The error states look more convincing at last. Might be passed kernel misbehaviour.

SynMark2 Batch6 hang after Unigine Heaven hang happens sometimes also on GLK, it's not BXT specific. Because there's no hang with other Batch* tests (ones with smaller or larger draw batch sizes), I'm pretty sure the trigger is timing related.

GpuTest Piano hang I haven't seen on BXT, but Piano is a really slow test and GLK iGPU is slower (12EUs) than BXT (18EUs), so it's possible that hangcheck triggers naturally on GLK => let's ignore Piano hang.

If you need at any point new error states from latest drm-tip, just ask. I get several new error state files every night. :-)

So chief suspect is that this is just a super slow batch and being caught by the 640ms preemption timeout.

To confirm that I think we want to pull in some of Tvrtko's infrastructure to track context runtime; from which we can spit out how long this context has been active at the time of reset and with some handwaving approximate that to batch duration.

added platform: BXT platform: GLK labels

So chief suspect is that this is just a super slow batch and being caught by the 640ms preemption timeout.

I haven't seen such issue in Heaven earlier, and in Batch6 case it would definitely need some big other kernel bug (if one of the equal sized batch6 draw calls is too slow, all the earlier batch tests, starting from batch0, should also have triggered it), e.g. with power management (Batch4, Batch5 and Batch6 are where halved mesh size / doubled draw count causes Batch tests to change from being more GPU bound to being more CPU bound).

To confirm that I think we want to pull in some of Tvrtko's infrastructure to track context runtime; from which we can spit out how long this context has been active at the time of reset and with some handwaving approximate that to batch duration.

From a trace tracking GPU RC6 values and ftracing SwapBuffer calls, I can see that the hang issue happens after Heaven has been running about 100s, RC6 goes from 1-2% to zero and buffer swaps stop for few seconds. After than point, Heaven buffer swaps happen 10x faster than they should (= CPU limit), with RC6 keeping constantly at around 60% instead of zero, also on further Heaven runs.
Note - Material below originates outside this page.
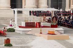 Ferenc pápa vízkereszt előtti napon, január 5-én délelőtt a Szent Péter téren vezette XVI. Benedek emeritus pápa temetését. A szetmisével egybekötött szertartásra a világ minden tájáról 130 bíboros és 400 püspök érkezett az Örök Városba.

When looking at Iris driver trace where there's no hang... RC6 is 1-2%, with occasional spikes up to 20% (out of 1s interval) due to shader compiles. Heaven's slowest frame is ~600ms (on BXT, with those Heaven settings) at that point, but from API call statistics for a whole Heaven run, I can see that Heaven does on average ~1600 draw calls per frame. I.e. when things are working normally, single Heaven draw/batch being slower than 640ms doesn't seem likely without some other problem.

In Batch6, RC6 keeps at 0% when there has been no hang in Heaven. If Heaven has hanged before Batch6, GPU alternates between 0% and 20% with FPS being higher, but capped by CPU speed. During hang/recovery, RC6 & FPS are naturally zero.

mentioned in issue mesa/mesa#1882 (closed)

changed title from [BXT/GLK] Unigine Heaven GPU hang with Mesa Iris + issues in later 3D benchmarks to [BXT/GLK] Unigine Heaven GPU hang with Mesa Iris, then issues in later 3D benchmarks [incomplete recovery]

added severity::major label

mentioned in issue mesa/mesa#2541

changed title from [BXT/GLK] Unigine Heaven GPU hang with Mesa Iris, then issues in later 3D benchmarks [incomplete recovery] to [GEN9] Unigine Heaven GPU hang with Mesa Iris, then issues in later 3D benchmarks [incomplete recovery]

I'm seeing the same issue also on SKL GT2, so it's not Atom specific, but more generic issue. Attached is error state with last evening Git kernel & Mesa: skl-i5-gt2-i915_error_state.txt => please add at least SKL label

From the old data, I can see that SKL GT2 did the same thing also with Jan 27th drm-tip kernel & Mesa, right after Mesa switched to Iris: Unigine Heaven GPU hang followed by GfxBench Manhattan tests timeouts, SynMark Batch6 GPU hang, and bogus FPS values in other tests.

If Heaven is skipped, all other tests work fine.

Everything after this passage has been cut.